Even so, he believes that “this trend is very recent” and that the population at risk (over 55 years of age or with previous pathologies), who should be the first to access the vaccine, have a culturally more open attitude towards these medicines. “Young people and adolescents who refuse are actually unconscious, since they can continue to infect the weakest who have not yet been immunized,” laments Barbero. He is also concerned about children whose parents decide not to vaccinate, which is already being a puzzle in the case of polio or malaria, which confronts minors with future more serious pathologies. “It is an absolutely irrational and irresponsible movement. They call themselves naturalists, but they forget that the greatest poisons in the world are natural products,” he concludes.
Zúñiga also stresses that “a lot of outreach effort is needed for people to understand that vaccines are good things that save lives and that historically they have done so, they have even eradicated a disease like smallpox.” She believes that it has been so long since the population died from diseases that we are now vaccinated against as children, such as tetanus or tuberculosis, that they have simply been forgotten. And remind those who maintain that it is better not to get vaccinated because they are not going to get sick anyway, that if that happens it is because the rest of the population is immunized, but that even this is not a total guarantee. “One only has to look at the outbreaks of measles in the United States last year, when it should be over because there is a very efficient vaccine that immunizes us for life.”

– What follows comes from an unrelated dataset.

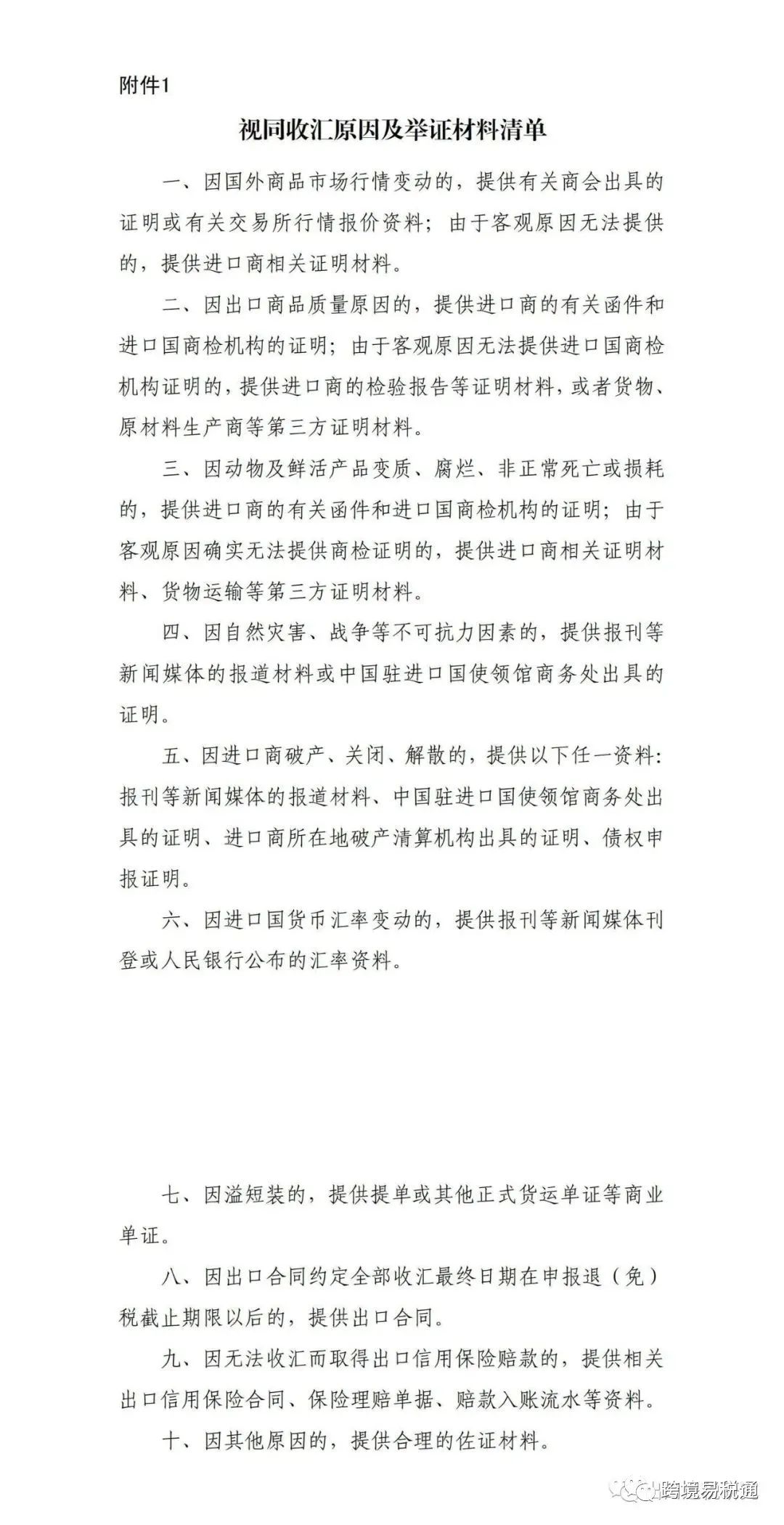 1. 视同收汇原因及举证材料清单

“The need is there and a vaccine is going to deliver us from this, that is very clear, because in the end it is what makes the transmission of the virus stop,” says the CSIC researcher. “You have to have a little patience and be We are cautious, looking at the data from the trials and based on the data we will have to judge, but I am sure that it will not be allowed to supply a vaccine, even in this case of such a tremendous epidemic, that is not safe. ”

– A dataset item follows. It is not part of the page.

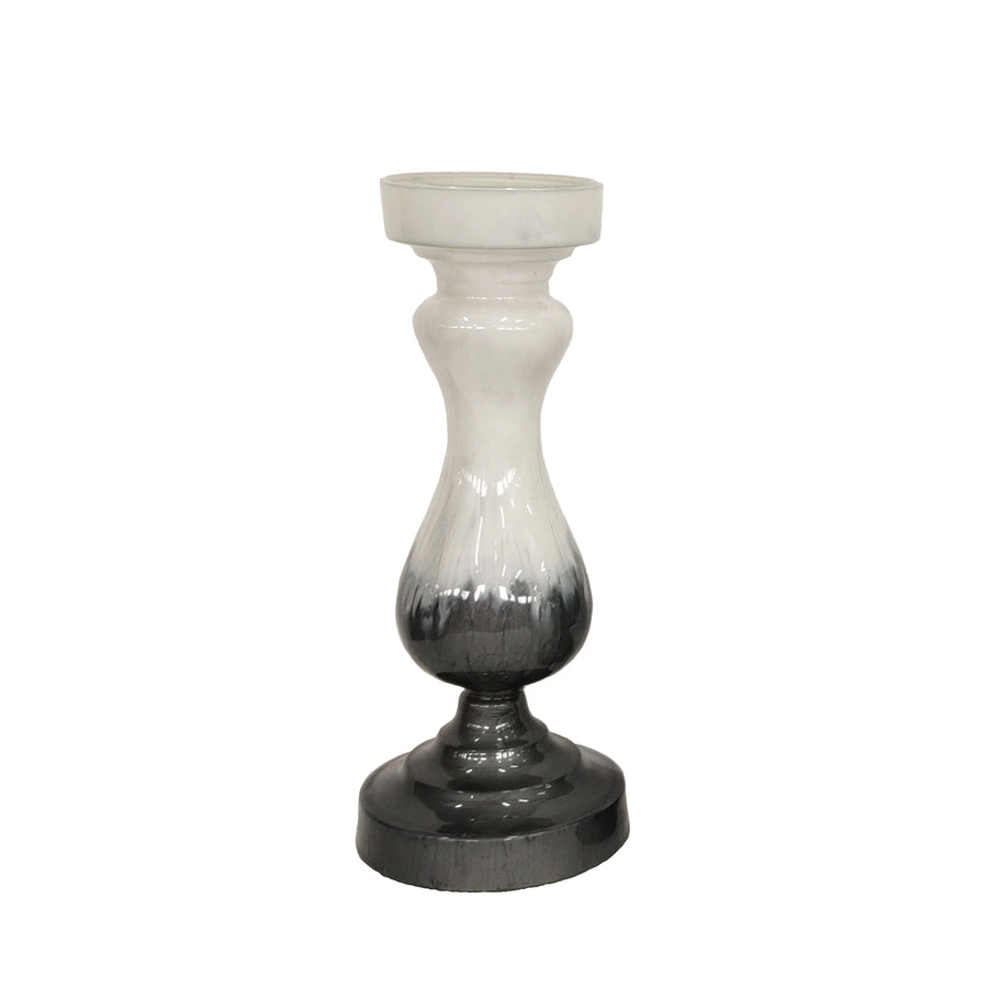 GLASS, 16" CANDLE HOLDER, WHITE/BLACK

The anti-vaccine movement worries at the institutional level and at the WHO, which last year included it among its ten health risks. However, in the case of the SARS-Cov-2 vaccine, other medical and political issues still need to be resolved so that the majority of the population, who are willing to inject it, can access it as soon as possible. “There will be slaps,” predicts the former WHO directive. In the opinion of the experts, the suspicious will not prevent the queue to get vaccinated against COVID-19, in general, is huge.